You are also a filmmaker. Tell us about your short film The Director, and how that came to be.
One thesis project I completed became the book "The Power of Art in Healing and Transformation", and the other one was multimedia stage play "The Director". The original play I wrote in Europe was 150 pages long. That became The Director and the dialogue we used in the film was only 1 page [of the 150 pages] Much of the dialogue was replaced by songs.
I entered the archival video of the multimedia musical, not the film festival here - The Golden Door Film Festival - and it was nominated for best music video.
Do you have any projects in the works you'd like to tell us about?
To enlarge the video and the stage play (The Director) is the next thing on the shelf. I have various musical projects; I'm in a band and it's a very good jazz combo. I'm also about to record a solo piano CD. I also gig all the time. I'm always being called to go out and play.
I plan two more books in this series. One would be The Power of Art in Education and Learning, and the next one is The Power of Art in Politics and Diplomacy. Those are projects I have lined up. I would love to complete the trilogy.

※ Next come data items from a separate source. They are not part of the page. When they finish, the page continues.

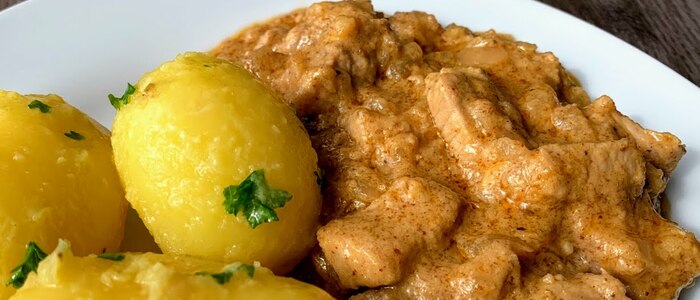 Nyní už stačí jen maso dát na pánev s cibulkou, osolit, opepřit a přidat papriku spolu s hořčicí. Vše spolu hezky promícháme a necháme podusit do změknutí. Bude-li třeba, přidejte trochu vody. Ale vepřové maso by mělo pustit šťávy dost. Pokud je tekutiny naopak moc, necháme ji zredukovat bez pokličky, za stálého míchání.
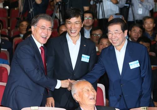 ▲새정치민주연합 문재인 대표(왼쪽 부터), 안희정 충남지사, 박원순 서울시장이 16일 국회 의원회관에서 열린 제2차 중앙위원회의에서 인사를 나누고 있다. (사진=연합뉴스)
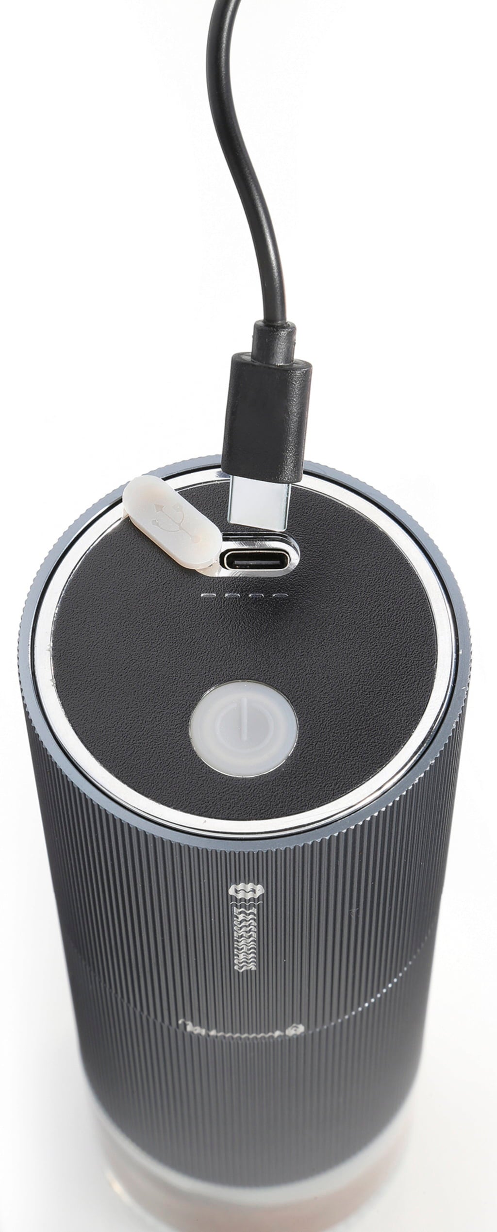 Con il macinacaffè MASTER USB, puoi gustare un caffè appena macinato, a casa, in ufficio o in viaggio. Basta premere un pulsante: il robusto meccanismo di macinatura in acciaio inox funziona in modo uniforme, preservando l'aroma dei chicchi. Regolare la macinatura è semplicissimo, da fine per l'espresso a fine per il caffè filtrato. Il caffè macinato cade direttamente nel contenitore in vetro ed è subito pronto per l'infusione. Moderno, compatto e perfetto per chi ama il buon caffè.
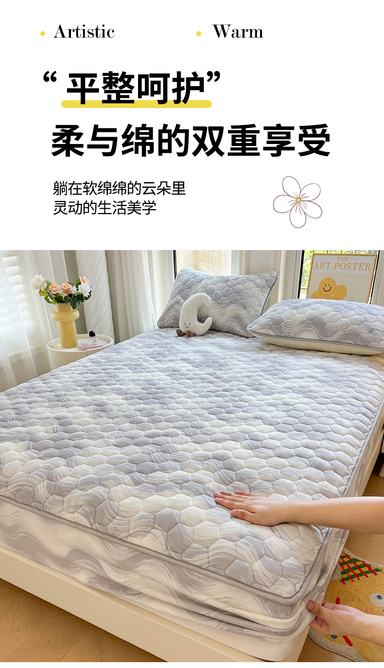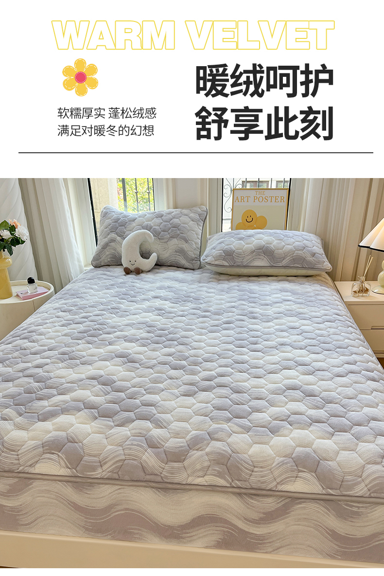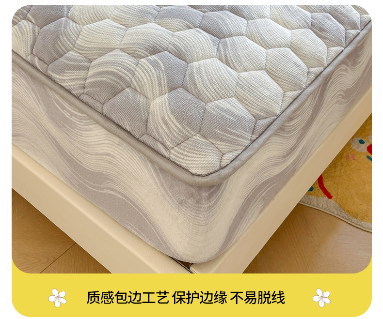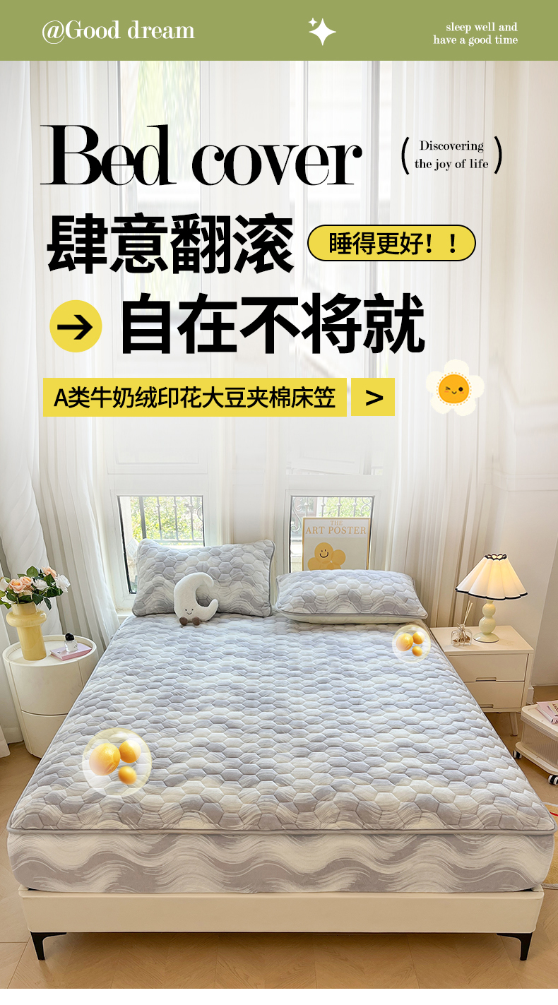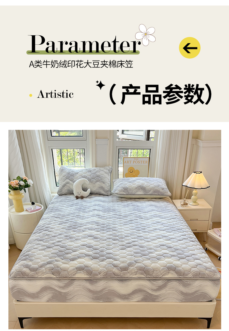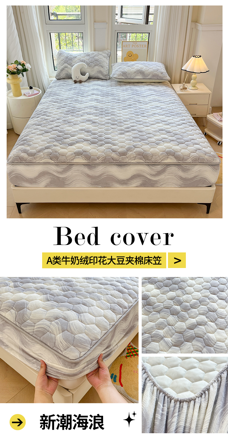 • 91家纺网 家纺一手货源 找家纺 伊人坊 2024新款牛奶绒印花大豆夹棉床笠 新潮海浪
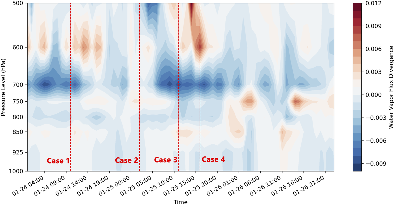 The warm air ascending over the cold air results in a much smaller vertical temperature gradient within the frontal zone compared to that within the air masses on either side, sometimes even leading to a temperature inversion (where temperature increases with altitude). As indicated by the green contours in Figure 4, the temperature inversion layer can be primarily observed to the east of the YGQSF. This study selects a representative point within the cold air mass to construct a time-height cross-section of moisture flux divergence, as shown in Figure 5. The inversion layer on the cold side of YGQSF exhibits persistent stability, facilitating sustained moisture convergence within the inversion layer (850–600 hPa, maximized at 700 hPa) and promoting the development and maintenance of frontal cloud systems (Figure 5). Particularly, in Cases 1, 3, and 4, the moisture flux divergence value can reach more than −0.006 g cm-2·h-1, providing sufficient moisture conditions for the formation of supercooled water droplets within clouds.

Is there anything else you'd like your readers to know about?
There's a lady named Anna Halprin - a professional dancer and choreographer. She was drawing pictures of her body, and noticed a grey spot around her ovary that she drew. So, she had a scan done and it turned out to be a cancerous tumor! She discovered it herself in her intuitive drawings.
Over a period of years, she began to dance with this growth in mind. She also continued to draw, and slowly, the tumor disappeared from her drawings and she went into remission.
I don't say to everyone, "Go draw some pictures before you go to chemo." But, if we're in touch with ourselves, we have a much better chance of solving our own health problems, and perhaps preventing them from arising.
The Power of Art in Healing and Transformation takes readers on a journey of self-discovery, healing, and hope.